Random Samples and Sample Statistics
Statistical inference begins by treating the observed data as one realized random sample from an underlying population model. This page sets up the core objects that later estimation, testing, and Bayesian methods all reuse.
Population and Random Sample
Definition (Population): A population is the complete collection of observations, individuals, measurements, or outcomes that we want to study. In this course, the population is represented by a probability distribution, often with unknown parameters.
Definition (Random Sample): A random sample of size $n$ from a population is a collection of random variables $X_1, X_2,\ldots,X_n$ such that each $X_i$ has the same distribution as the population and the random variables are mutually independent.
We write this as
\[X_1,X_2,\ldots,X_n \stackrel{\mathrm{iid}}{\sim} F,\]where $F$ is the population distribution.

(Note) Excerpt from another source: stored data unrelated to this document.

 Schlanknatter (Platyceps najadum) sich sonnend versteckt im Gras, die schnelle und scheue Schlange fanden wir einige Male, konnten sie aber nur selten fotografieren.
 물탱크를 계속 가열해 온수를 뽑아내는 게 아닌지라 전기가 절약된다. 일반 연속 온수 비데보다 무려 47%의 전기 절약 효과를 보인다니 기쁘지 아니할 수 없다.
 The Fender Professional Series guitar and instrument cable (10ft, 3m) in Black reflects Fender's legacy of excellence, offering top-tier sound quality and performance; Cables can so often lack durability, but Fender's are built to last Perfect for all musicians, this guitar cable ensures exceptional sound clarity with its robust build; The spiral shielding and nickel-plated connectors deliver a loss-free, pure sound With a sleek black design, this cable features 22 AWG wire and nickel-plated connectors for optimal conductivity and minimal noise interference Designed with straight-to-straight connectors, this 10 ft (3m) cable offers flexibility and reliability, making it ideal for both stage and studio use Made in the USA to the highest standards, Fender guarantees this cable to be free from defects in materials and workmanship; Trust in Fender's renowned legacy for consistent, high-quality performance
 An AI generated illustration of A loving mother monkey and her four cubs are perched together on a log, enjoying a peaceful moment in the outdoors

If we want to study heights of college students, the population is the full group of interest and the random sample is the collection of measured heights from selected students. The model says what distribution might have generated those measurements.
Sample Statistics
In statistical inference, we usually do not observe the full population. We observe data
\[Y=(X_1,X_2,\ldots,X_n)\]and compute summaries of the sample.

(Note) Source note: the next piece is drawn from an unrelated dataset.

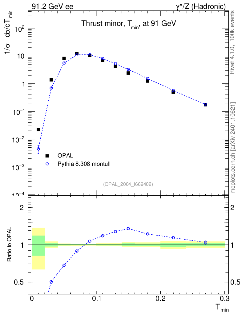 Lines: data, pythia8 8.308 montull |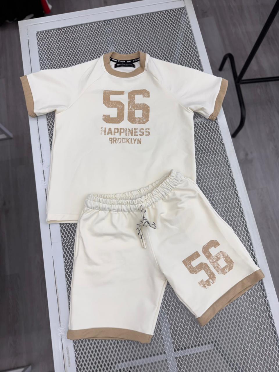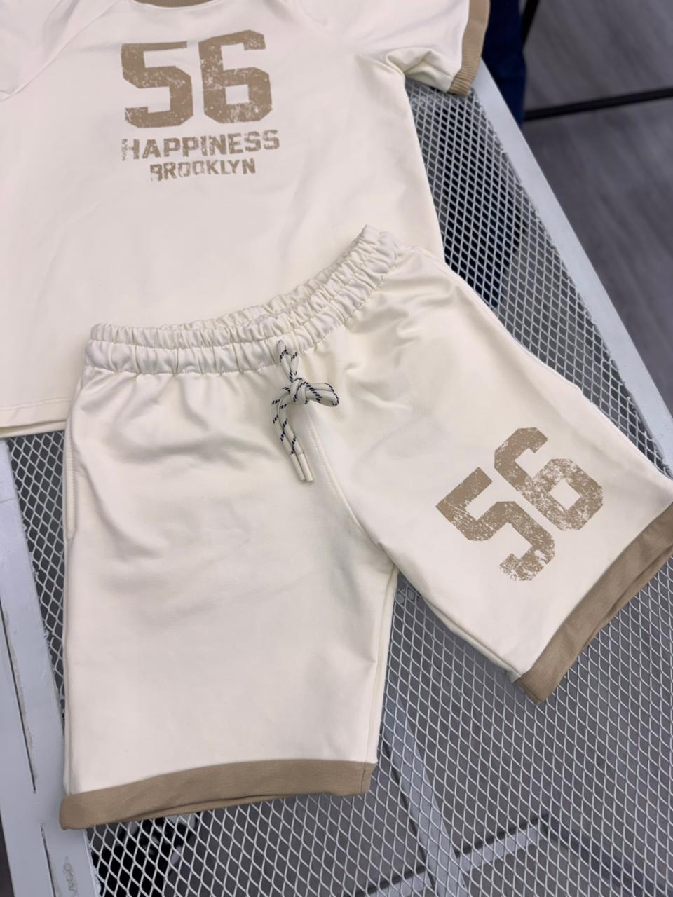 Diseño en tono marfil con detalles beige, con estampado “56 Happiness Brooklyn” que le da un aire urbano y deportivo.

Definition (Statistic): A statistic is a function of the observed data. It may not depend on an unknown parameter.
The two basic statistics used throughout the course are the sample mean and sample variance:
\[\bar{X}_n=\frac{1}{n}\sum_{i=1}^n X_i,\]and
\[S_n^2=\frac{1}{n-1}\sum_{i=1}^n (X_i-\bar{X}_n)^2.\]Both are random variables before the data are observed. Once data are plugged in, they become numerical summaries.
Sampling Distribution of the Sample Mean
Suppose the population has mean
\[E[X_i]=\mu\]and variance
\[\mathrm{Var}(X_i)=\sigma^2<\infty.\]Then
\[E[\bar{X}_n]=\mu\]and, using independence,
\[\mathrm{Var}(\bar{X}_n)=\frac{\sigma^2}{n}.\]Note: Averaging reduces variance. The sample mean is centered at the population mean, and its spread shrinks like $1/n$.

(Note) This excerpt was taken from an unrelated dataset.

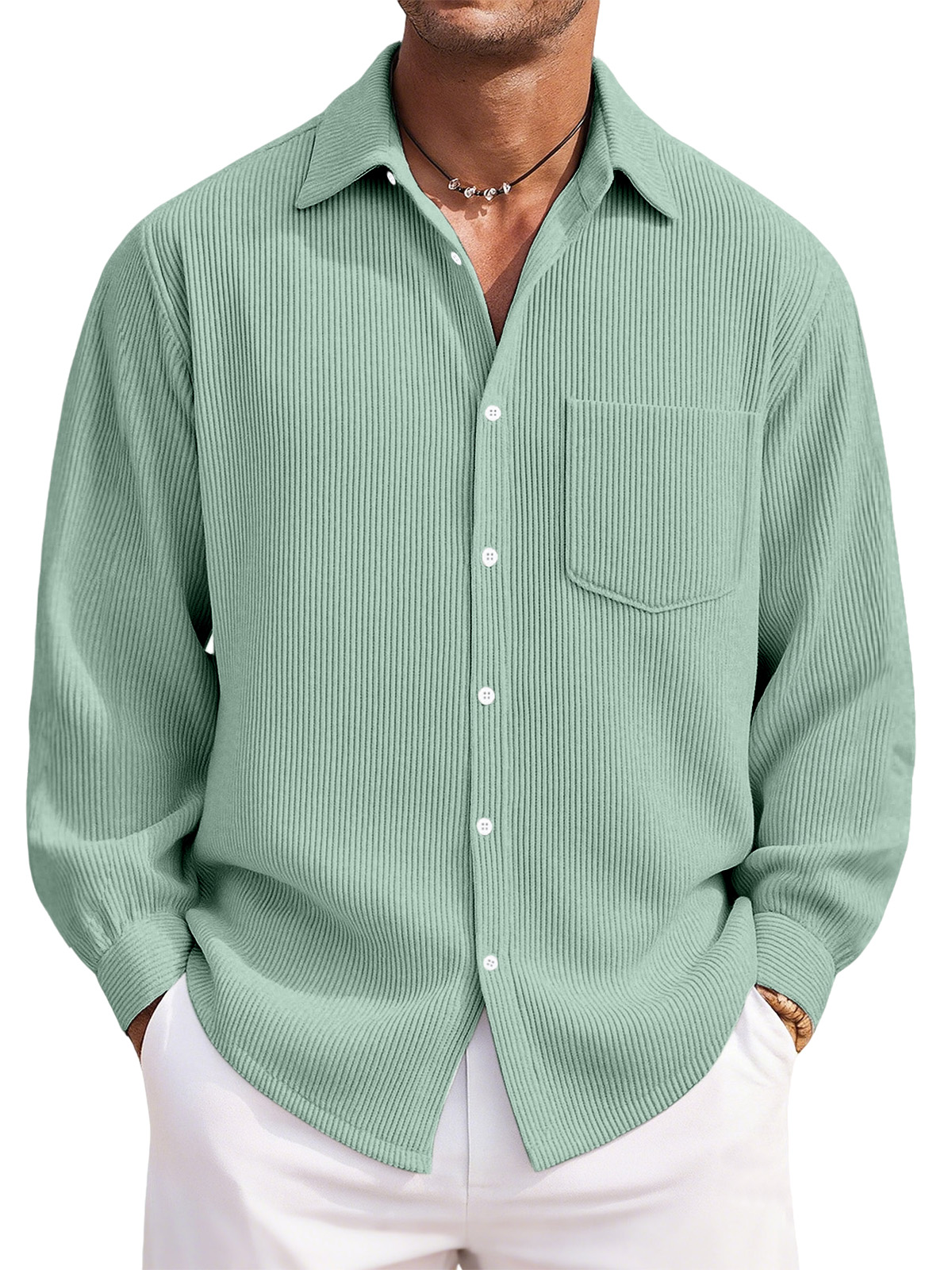 Men's Everyday Casual Solid Color Corduroy Button Lapel Long Sleeve Shirt

This simple variance calculation explains why collecting more independent data improves precision. It does not yet say that $\bar{X}_n$ converges to $\mu$ or becomes approximately normal; those are limit-theory results developed in the next topic.
Sample Variance
The sample variance
\[S_n^2=\frac{1}{n-1}\sum_{i=1}^n (X_i-\bar{X}_n)^2\]uses $n-1$ rather than $n$ because the sample mean has already been estimated from the same data. This is Bessel’s correction. It makes $S_n^2$ unbiased for $\sigma^2$ under iid sampling:
\[E[S_n^2]=\sigma^2.\]If the population mean $\mu$ were known, the estimator
\[\frac{1}{n}\sum_{i=1}^n (X_i-\mu)^2\]would be unbiased. When $\mu$ is unknown and replaced by $\bar{X}_n$, one degree of freedom is spent estimating the center.
Estimators, Estimates, and Parameters
A parameter is the unknown quantity that indexes the population model. An estimator is a statistic designed to estimate that parameter, and an estimate is the numerical value after observing data.
Definition (Estimator): An estimator of a parameter $\theta$ is a statistic
\[\hat{\theta}_n=T_n(X_1,\ldots,X_n).\]
For example, $\bar{X}_n$ is an estimator of $\mu$. Before sampling it is random; after observing $x_1,\ldots,x_n$, the estimate is
\[\bar{x}_n=\frac{1}{n}\sum_{i=1}^n x_i.\]Keeping these roles separate prevents many mistakes. When we write $E_\theta[\hat{\theta}_n]$, the expectation is over repeated random samples generated under a fixed parameter value $\theta$.
Looking Ahead
The next topic studies probability inequalities and limit theorems. Those results explain when sample statistics concentrate, when estimators are consistent, and why normal approximations appear so often.